In that LFA 57 showing, Buys’ conditioning maintained through all three rounds against a physically strong, relentless opponent in Rebecca Adney.
Even though the star of Buy’s game is her striking, her bout against Lindsay Garbatt at BTC 6 showcased the wrestling and ground control that she possess.
Hilarie Rose (4-1-0) is a fighter out of Massachusetts and is affiliated with USMMA and Lauzon MMA. She is a wrestler and has some functional muay thai.
Her two most recent competitions took place in the CES cage. Between the two performances, Rose showed much improved standup, going from a rather flat-footed approach at CES 55 to one at CES 57 that used feints and light footwork.
Her ground control leaves a bit to be desired, and in her bout against Rosa Acevedo, she was consistently reversed from dominant position, having to work her way back into the fight.
Just like her opponent at DWCS, Rose has her conditioning under control and can fight consistently through 15 minutes.
Prediciton: Buys. This fight is a hard one to pick, but I feel like the smooth striking of Buys will be the difference here.
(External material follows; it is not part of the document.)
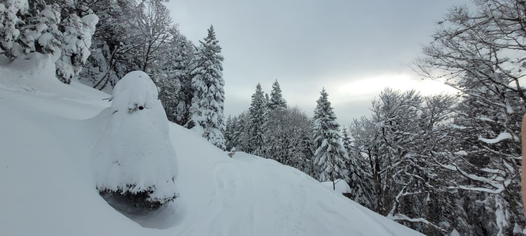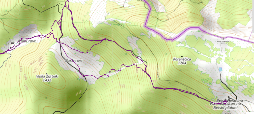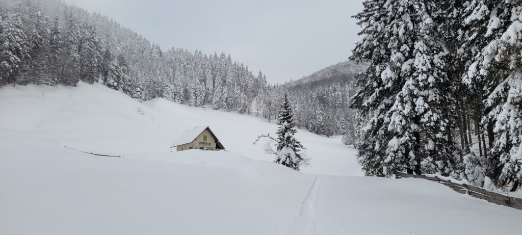 Glede na močan severni veter sem se odločil, da grem smučat Belsko planino iz smeri Savskih jam. In res me je na avtocesti proti Jesenicam kar pošteno prestavljalo, medtem ko na koncu Planine pod Golico skorajda ni bilo vetra. Veter se je za hip pojavil šele v Markljevem rovtu, nato pa ga do Belske planine skorajda ni bilo. Na Belski planini pa so bile take veterne zavese, da nisem videl smisla v nadaljevanju proti Korenščici. Zato sem odsmučal skozi gozd proti Pustem rovtu. V gozdu (ker ni bilo vetra) je bil super pršič (skorajda nič zvoženo). Na jasah med drevesi pa je bil sneg že zbit v mehko kložo. Še slabše je bilo potem na Pustem Rovtu. Zaradi dobrih razmer sem se odločil za še eno furo (vendar sem se tokrat vzpel samo do polovice poti od Belske planine). Predvsem pa sem bil izredno vesel, da sem prvič po več kot treh mesecih (od operacije) lahko končno hodil nekoliko hitreje. Še teden dni nazaj me je na Dobraču tako bolela noga, da sem se komajda privlekel gor in dol. Današnja tura pa je bila prva, da so se bolečine toliko umirile, da sem končno lahko začel uživati. Sedaj me čaka nekaj mesecev intenzivnega treninga, da pridem nazaj v formo. Nazaj grede so že zratrakirali cesto so Savske jame in jo uredili v sankaško progo.

Even though Rose has improved her striking, we can assume Buys has only gotten better.
The path to victory for Rose is going to be her wrestling, but Buys is no slouch in this department either. Buys has great ground control and heavy hips, so if Rose does somehow end up on her back, I’m not sure she’ll be able to reverse position as easily as she has in previous fights.
Buys gets the pick from me because she has a clear edge on the feet, and is well-rounded enough to be able to counter the strengths that Rose brings to the table.
Welterweight: Orion Cosce v. Matt Dixon
Orion Cosce (6-0-0) is the second Corsce brother on this week of Contender Series. He also fights out of Lost Boys Jiu Jitsu and Muay Thai, but he has at some points trained with Team Alpha Male.
In terms of style, he is much like his brother, racking up stoppages in all of his six wins. Of those, only two have made their way out of the first round. Cosce’s shortest fight is a KO/TKO at 13 seconds of round one.
Just like his brother, Orion is a power-puncher. In his last bout against Wally Wester, Cosce seemed to rock his opponent with every shot he connected with. His striking defense and movement allowed him to avoid most of the damage coming his way.
Cosce’s striking is not the strongest aspect of his game, though. Orion possess some powerful wrestling, and a pressure on the floor that constantly threatens his opponents.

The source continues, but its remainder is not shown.